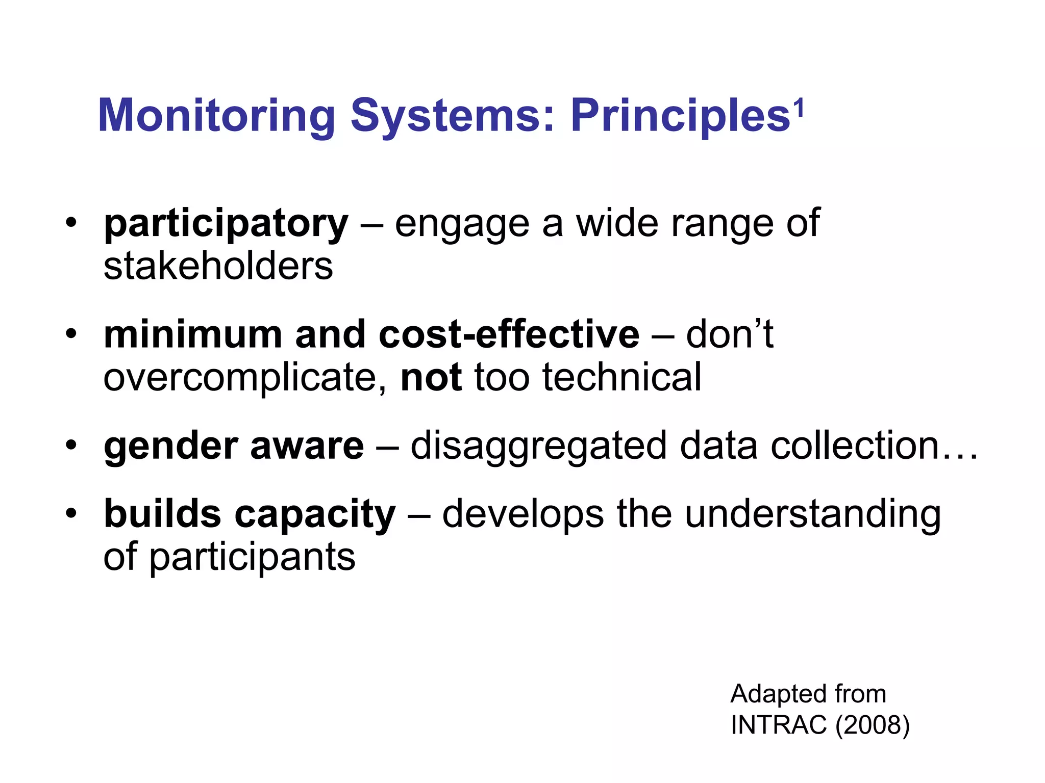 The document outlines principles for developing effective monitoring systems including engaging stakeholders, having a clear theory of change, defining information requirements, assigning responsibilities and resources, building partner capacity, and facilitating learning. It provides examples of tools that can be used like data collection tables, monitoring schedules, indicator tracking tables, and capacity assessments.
--
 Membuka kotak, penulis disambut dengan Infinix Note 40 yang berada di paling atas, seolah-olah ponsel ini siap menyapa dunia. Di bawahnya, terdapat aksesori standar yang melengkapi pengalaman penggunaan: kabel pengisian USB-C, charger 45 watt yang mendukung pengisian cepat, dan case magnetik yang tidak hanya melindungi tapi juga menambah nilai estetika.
...
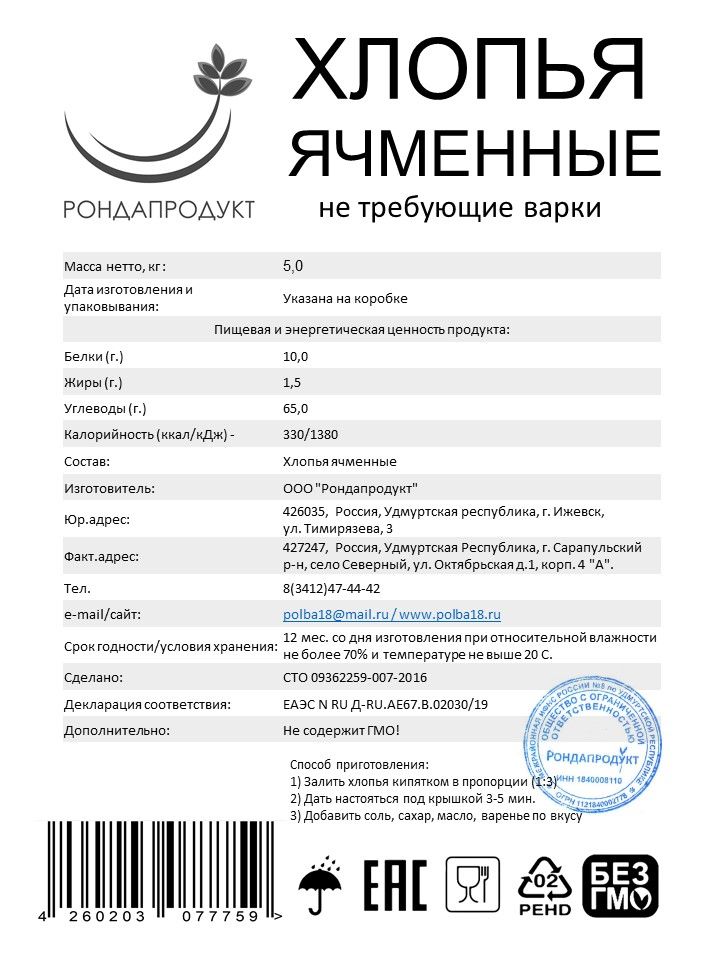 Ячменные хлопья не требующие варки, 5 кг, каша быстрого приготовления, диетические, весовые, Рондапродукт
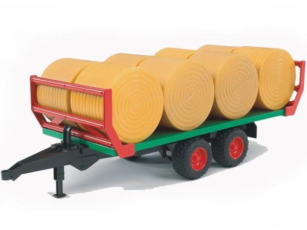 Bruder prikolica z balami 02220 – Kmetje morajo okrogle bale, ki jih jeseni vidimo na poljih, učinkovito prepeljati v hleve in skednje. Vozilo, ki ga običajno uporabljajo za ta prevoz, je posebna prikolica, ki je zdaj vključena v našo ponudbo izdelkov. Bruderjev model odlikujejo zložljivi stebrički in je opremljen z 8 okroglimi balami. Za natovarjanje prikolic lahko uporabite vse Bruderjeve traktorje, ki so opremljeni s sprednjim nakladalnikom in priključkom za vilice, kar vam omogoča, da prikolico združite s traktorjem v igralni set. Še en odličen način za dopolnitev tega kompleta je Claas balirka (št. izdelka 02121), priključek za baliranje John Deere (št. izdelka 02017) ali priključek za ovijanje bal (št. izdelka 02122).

== Exercise requirements ==
Looking above, find the stretch of lines that opens with the one holding "Ячменные хлопья не" and closes with the one holding "Bruder prikolica z". Copy it exactly, pictures excluded.

== Exercise solution ==
 Ячменные хлопья не требующие варки, 5 кг, каша быстрого приготовления, диетические, весовые, Рондапродукт
 Bruder prikolica z balami 02220 – Kmetje morajo okrogle bale, ki jih jeseni vidimo na poljih, učinkovito prepeljati v hleve in skednje. Vozilo, ki ga običajno uporabljajo za ta prevoz, je posebna prikolica, ki je zdaj vključena v našo ponudbo izdelkov. Bruderjev model odlikujejo zložljivi stebrički in je opremljen z 8 okroglimi balami. Za natovarjanje prikolic lahko uporabite vse Bruderjeve traktorje, ki so opremljeni s sprednjim nakladalnikom in priključkom za vilice, kar vam omogoča, da prikolico združite s traktorjem v igralni set. Še en odličen način za dopolnitev tega kompleta je Claas balirka (št. izdelka 02121), priključek za baliranje John Deere (št. izdelka 02017) ali priključek za ovijanje bal (št. izdelka 02122).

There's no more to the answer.